# Action item
From the entries below, print exactly the span beginning with the line holding "Editor: This is" and ending with the line holding "- Title: Case", endpoints included, and skip any pictures.

# Provided data
- - - - - - -
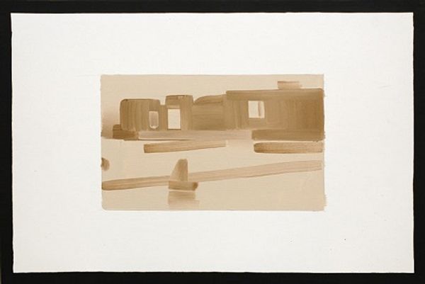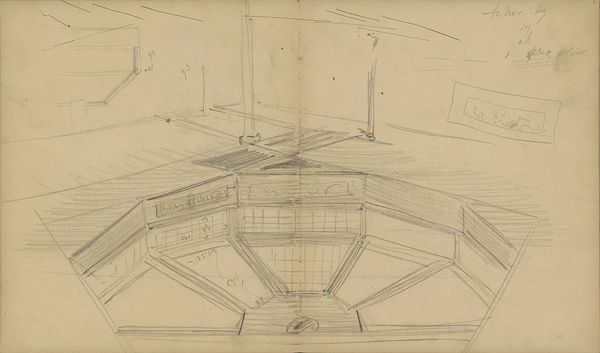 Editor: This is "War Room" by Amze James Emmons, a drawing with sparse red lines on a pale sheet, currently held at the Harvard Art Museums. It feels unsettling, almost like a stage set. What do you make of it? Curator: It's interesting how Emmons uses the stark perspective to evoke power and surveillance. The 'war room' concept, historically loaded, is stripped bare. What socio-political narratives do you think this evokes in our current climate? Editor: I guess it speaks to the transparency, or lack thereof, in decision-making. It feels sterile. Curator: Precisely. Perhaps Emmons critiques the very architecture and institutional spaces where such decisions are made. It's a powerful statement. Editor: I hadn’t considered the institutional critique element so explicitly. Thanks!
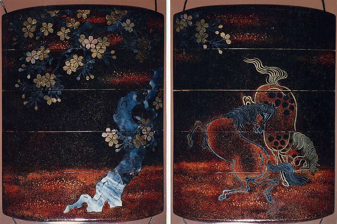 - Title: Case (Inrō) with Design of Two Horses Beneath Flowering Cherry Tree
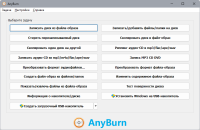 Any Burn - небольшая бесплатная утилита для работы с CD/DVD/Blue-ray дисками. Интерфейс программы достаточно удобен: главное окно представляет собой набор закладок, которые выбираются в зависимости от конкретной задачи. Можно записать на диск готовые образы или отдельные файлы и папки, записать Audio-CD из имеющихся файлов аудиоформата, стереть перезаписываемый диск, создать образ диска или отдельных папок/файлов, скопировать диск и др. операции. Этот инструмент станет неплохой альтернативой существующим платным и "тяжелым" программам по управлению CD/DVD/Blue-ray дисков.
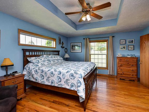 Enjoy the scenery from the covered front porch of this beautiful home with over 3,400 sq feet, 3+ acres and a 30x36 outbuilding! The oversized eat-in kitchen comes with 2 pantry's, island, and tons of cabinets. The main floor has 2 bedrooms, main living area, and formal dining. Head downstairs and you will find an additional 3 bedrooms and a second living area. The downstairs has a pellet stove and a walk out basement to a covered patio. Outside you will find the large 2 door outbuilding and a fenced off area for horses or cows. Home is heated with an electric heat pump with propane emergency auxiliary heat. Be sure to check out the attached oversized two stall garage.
- - - - - - -
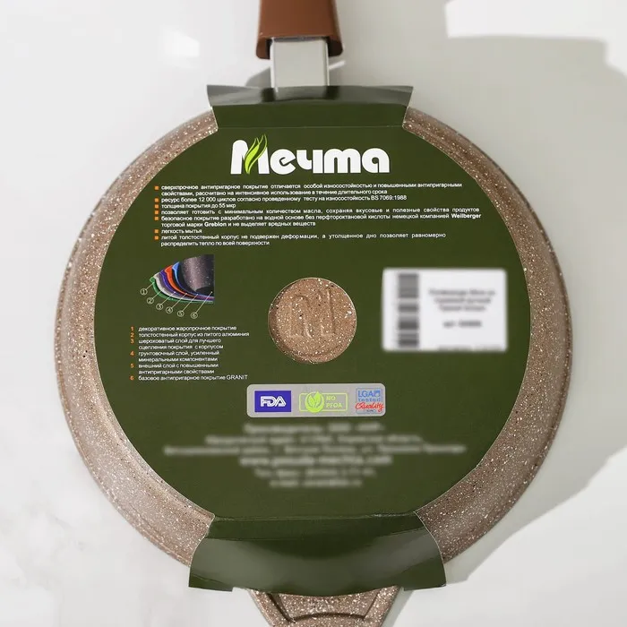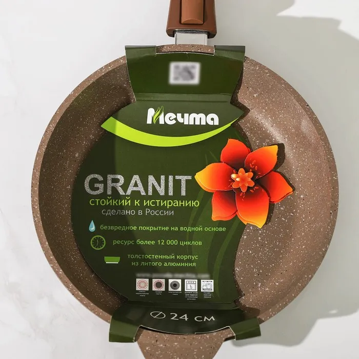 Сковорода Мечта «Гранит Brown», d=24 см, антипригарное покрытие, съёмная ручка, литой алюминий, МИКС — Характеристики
- - - - - - -
# Expected answer
 Editor: This is "War Room" by Amze James Emmons, a drawing with sparse red lines on a pale sheet, currently held at the Harvard Art Museums. It feels unsettling, almost like a stage set. What do you make of it? Curator: It's interesting how Emmons uses the stark perspective to evoke power and surveillance. The 'war room' concept, historically loaded, is stripped bare. What socio-political narratives do you think this evokes in our current climate? Editor: I guess it speaks to the transparency, or lack thereof, in decision-making. It feels sterile. Curator: Precisely. Perhaps Emmons critiques the very architecture and institutional spaces where such decisions are made. It's a powerful statement. Editor: I hadn’t considered the institutional critique element so explicitly. Thanks!
 - Title: Case (Inrō) with Design of Two Horses Beneath Flowering Cherry Tree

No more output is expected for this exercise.